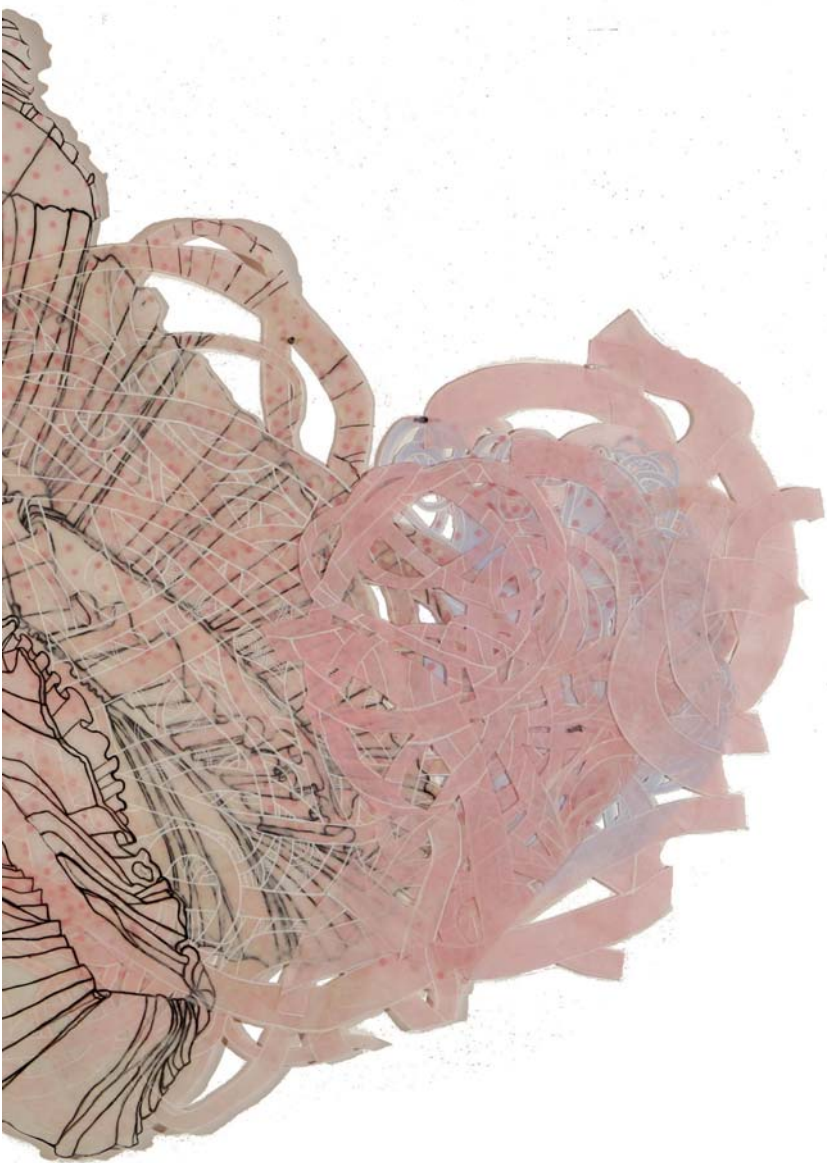
Izabella , 2006, ink, acrylic, silk, paper, polyester, 60 x 94" below: detail of Izabella
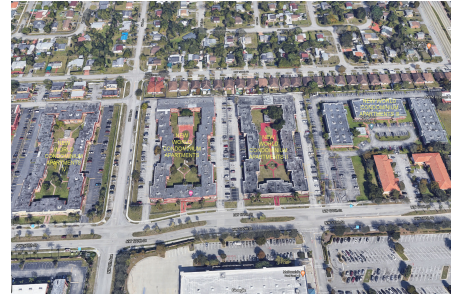
Built in 1970 - 90 units - 2 floors

Number of units: 90 Number of active listings for rent: 2 Number of active listings for sale: 3 Building inventory for sale: 3% Number of sales over the last 12 months: 0 Number of sales over the last 6 months: 0 Number of sales over the last 3 months: 0 New World Condominium III Address: 271 NW 177th St, Miami, FL 33169 Phone: +1 305-999-9700 https://
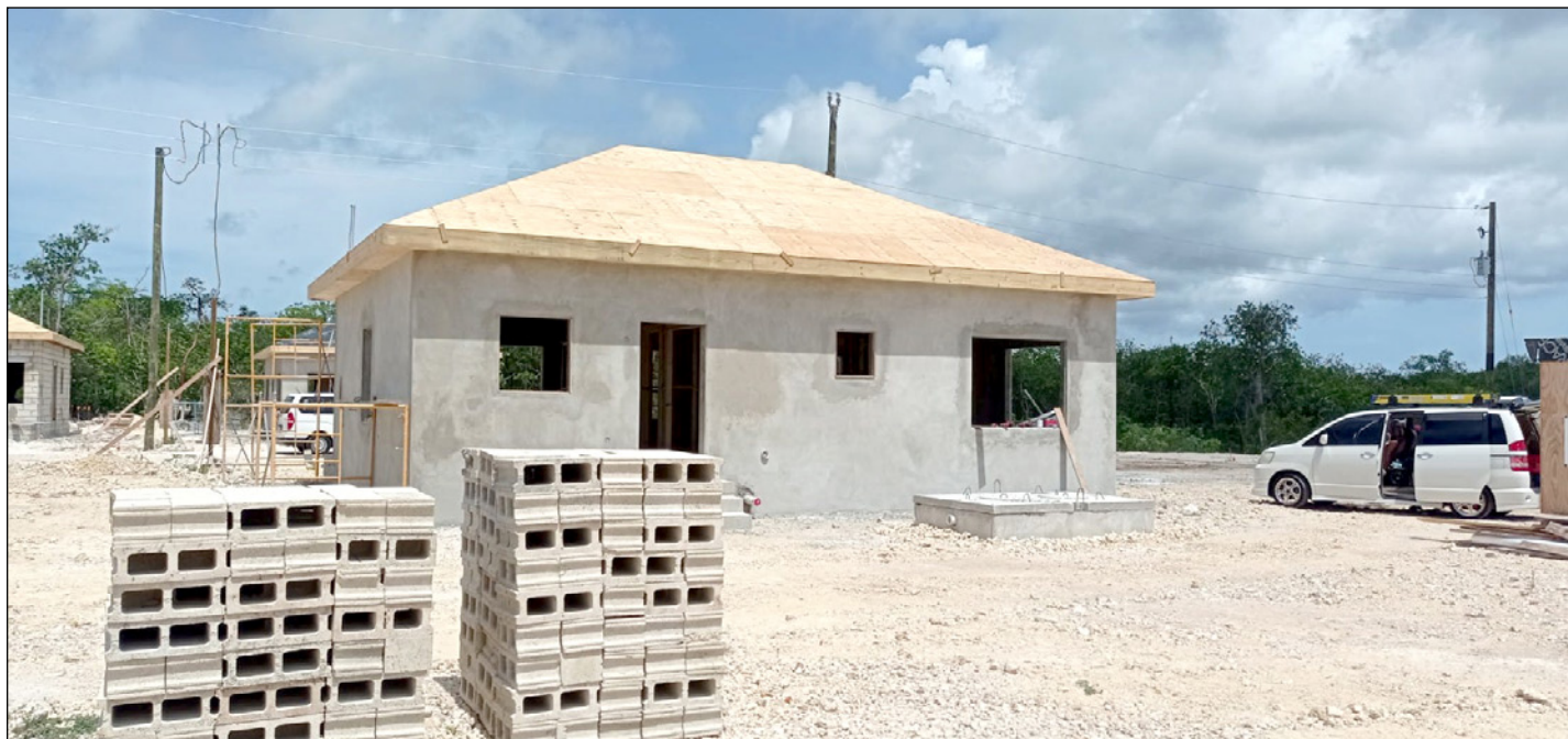
► Affordable houses under construction in East End

for our next upcoming projects, starting with West Bay and moving to North Side. We want to move away from the ideology of low income housing which has a negative stigma. We are currently in the planning stage for further projects and want to encourage young Caymanians to stop by the National Housing Development Trust office to collect application forms and sign up".
++++
ACTIVITY –
From the entries above, copy out every line where the string "units" appears.

ANSWER SECTION –
Built in 1970 - 90 units - 2 floors
Number of units: 90 Number of active listings for rent: 2 Number of active listings for sale: 3 Building inventory for sale: 3% Number of sales over the last 12 months: 0 Number of sales over the last 6 months: 0 Number of sales over the last 3 months: 0 New World Condominium III Address: 271 NW 177th St, Miami, FL 33169 Phone: +1 305-999-9700 https://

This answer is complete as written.